Tony Ludovico’s is the only Alfa 6 2.0 6C in the UK


MAN & MACHINE You sixy thing


Six carburetors? Now, why would you do that, instead of using a trio of twin-chokes? ‘It’s the Italians,’ says Tony Ludovico, himself second-generation English but who has run cars from his father’s homeland all his life, ‘they like to make things confusing.’

When the Alfa 6 executive sedan, the first car to use the legendary Busso V6, was facelifted in 1983 following its 1979 launch, it received L-Jetronic fuel injection… except for the new tax-break 135bhp two-litre version, of which Tony’s is the only one in the UK. that carried on with the six single Dell’Ortos, packed like sardines in the vee. Why? Why not? It does imbue the creamy V6 with a deliciously crisp top note, though Tony admits that with just 130lb ft delivered at a rather high 4500rpm it’s a revver not a stonker. ‘It’s not that fast,’ he says.
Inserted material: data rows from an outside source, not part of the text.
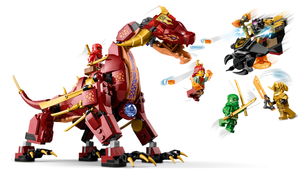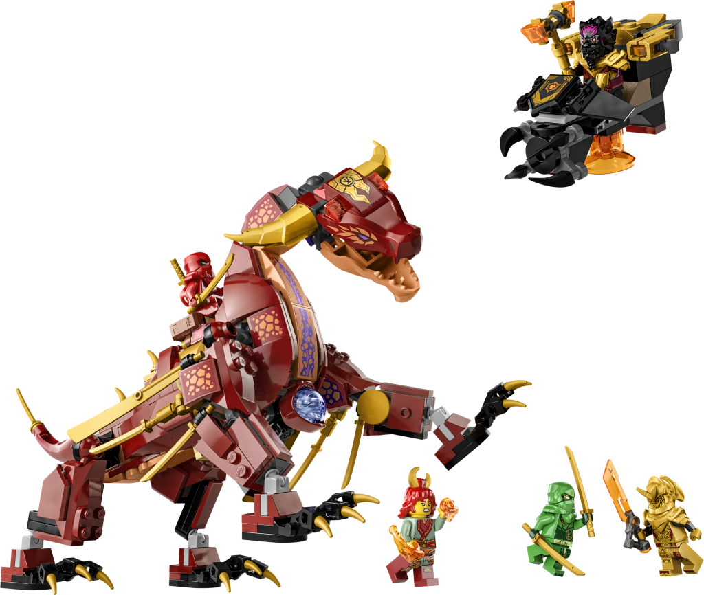 - Hračka s drakem nindžů – Nadšení fanoušci nindžů od 8 let se stavebnicí Heatwave a jeho transformační lávový drak (71793) mohou znovu prožít bitvy z televizního seriálu NINJAGO® Dračí povstání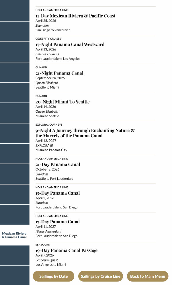 April 11, 2027 Nieuw Amsterdam Fort Lauderdale to San Diego
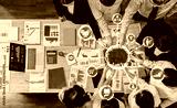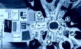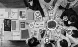 A top view of a diverse group engaged in a collaborative business meeting, analyzing data and discussing strategies with modern technology in a dynamic office environment. Amity

His car is almost impossibly immaculate for an Alfa sedan of this age, most of which have rotted away. It’s had a few bits of paint, for sure, but there’s Waxoyl everywhere – rare for Italy – and it was obviously a cherished car specced from new with air-con, metallic paint and the optional dog-leg ZF five-speed on top of the standard power steering, all-round disc brakes, limited-slip differential, power windows and mirrors, and central locking.
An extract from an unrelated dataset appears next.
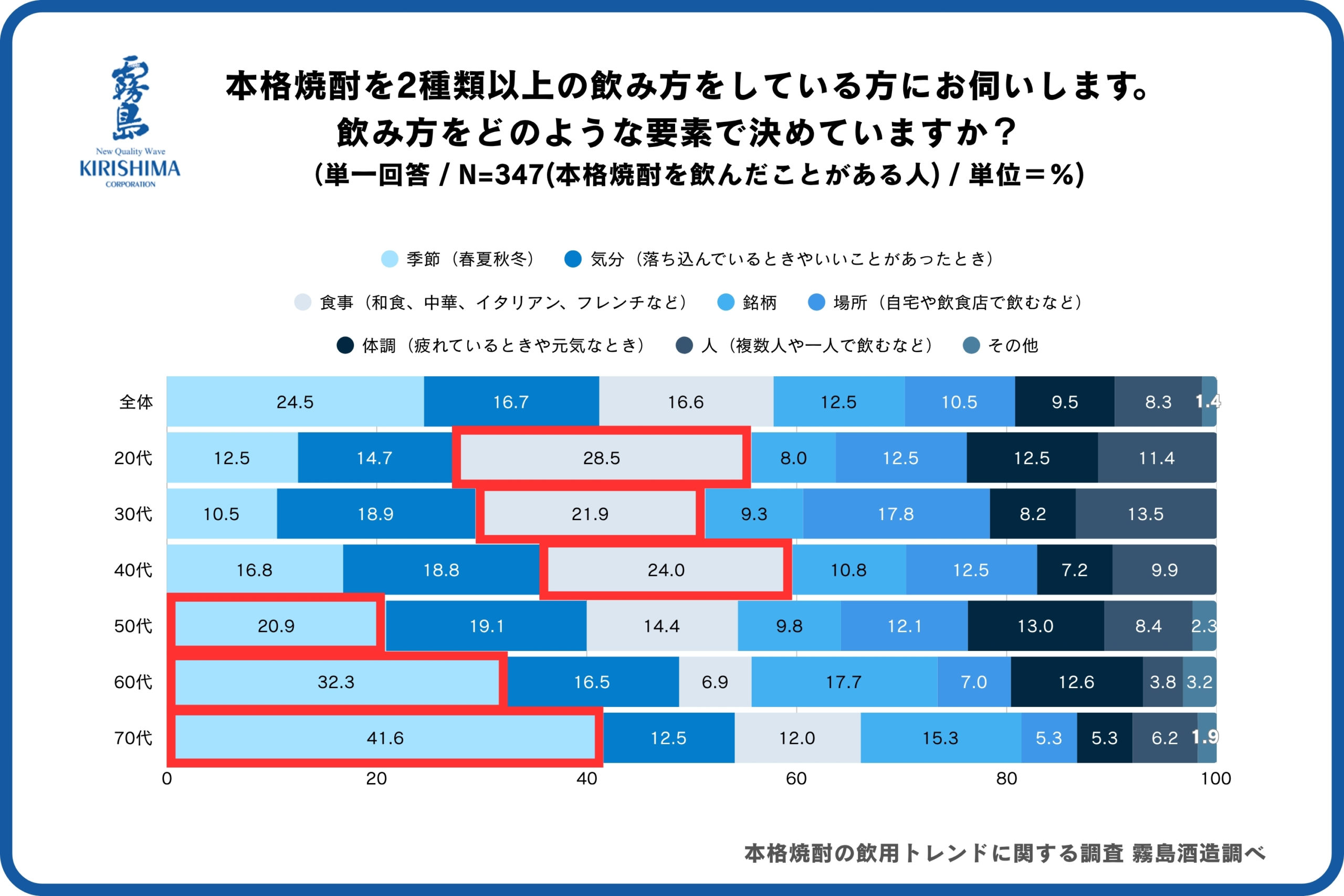その結果、20~40代では「食事」、50~70代では「季節」という回答がそれぞれ最多となりました。40代以下では、多様化した現代の食事とともに焼酎をよりカジュアルに飲むスタイルが広がっており、ワインなどの他アルコールと同様に料理との組み合わせを楽しんでいることがうかがえます。一方、50代以上では、季節に合わせて飲み方を使い分けている様子が見られ、長年の経験を通じて、暮らしに寄り添う焼酎文化が根づいていることがうかがえます。

It still wears its original Tamburini dealer sticker in the back window, and Tony is in effect only the second owner after the car came out of 17 years of storage, having been supplied new to Camucia in Tuscany. Even the Michelin XVS on the spare may be the original, bearing a 333 date stamp. Sharing chassis mechanicals with the Alfetta and GTV, only 1771 of the small-capacity 6Cs were built compared with more than 7300 2.5s.
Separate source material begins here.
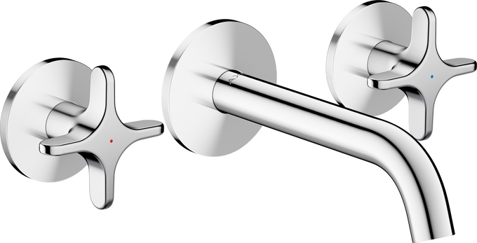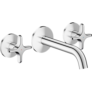One 3-håls tvättställsblandare för inbyggnad vägg med 160 mm pip och krysshandta
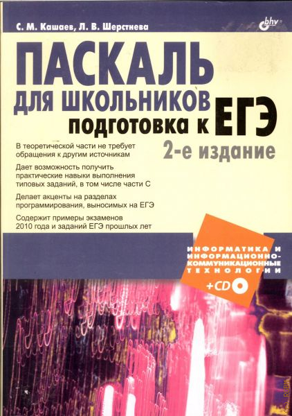 Подробно описаны приемы программирования на Паскале и технология разработки различных алгоритмов программ с акцентом на темы, выносимые на Единый государственный экзамен по информатике и информационно-коммуникационным технологиям. Рассматриваются: описание языка Паскаль, конструкции алгоритмов и блок-схемы, одномерные и двумерные массивы, строки и записи, файлы, численное интегрирование и анализ функций, подпрограммы и функции, работа с данными. По каждому разделу приводится теоретическая информация и типовые задания с подробными пояснениями. По темам, выносимым на ЕГЭ прошлых лет, в том числе прошедшего 2010 года, что отличает второе издание, в соответствующих главах приводятся примеры заданий этих ЕГЭ. Прилагаемый диск (CD-ROM) содержит рассматриваемые в книге программы. Книга может использоваться как при подготовке к ЕГЭ, так и в текущем учебном процессе учащимися и учителями школ и колледжей, а также для самостоятельного изучения языка программирования Паскаль.

‘I’d gone to look at a Fiat 130 sedan,’ he says. ‘But then I spotted this in the corner.’ It had only just arrived at Essex dealer Classics & Cabriolets, and needed to be recommissioned with new belts and put back on the road. ‘I drove it 100 miles home. It had been in storage for 17 years sol panicked a bit, but it was the best experience. When I got it home, my brother drove it past me a couple of times. “Keep it in second and give it some welly,” I said.’

Ludovico’s first car, at the age of 20, was a Fiat 131 Sport in orange which he kept for seven years until it was run into by a council truck. His ninth is an Alfa-Romeo 164 Cloverleaf show car. the 6 will probably go the same route and wears repro engine-bay stickers sourced from the Alfa Club, but, he says: ‘A lot of parts are very hard to find.’ those six carburettors make it easy to flood the engine and drown the plugs, so the wise Alfa 6 owner always travels with a spare set and a suitable socket spanner. But this serial Italian owner remains impressed by the car’s luxurious appointments, even if it took him a while to find the filler cap (behind a discreet flap on the right C-pillar) and the bootlid lock (hiding under an innocuous swing-flap next to the Alfa badge). ‘Just look at the luxury for its time; even the ashtrays in the door handles. It’s a real Mafia car.’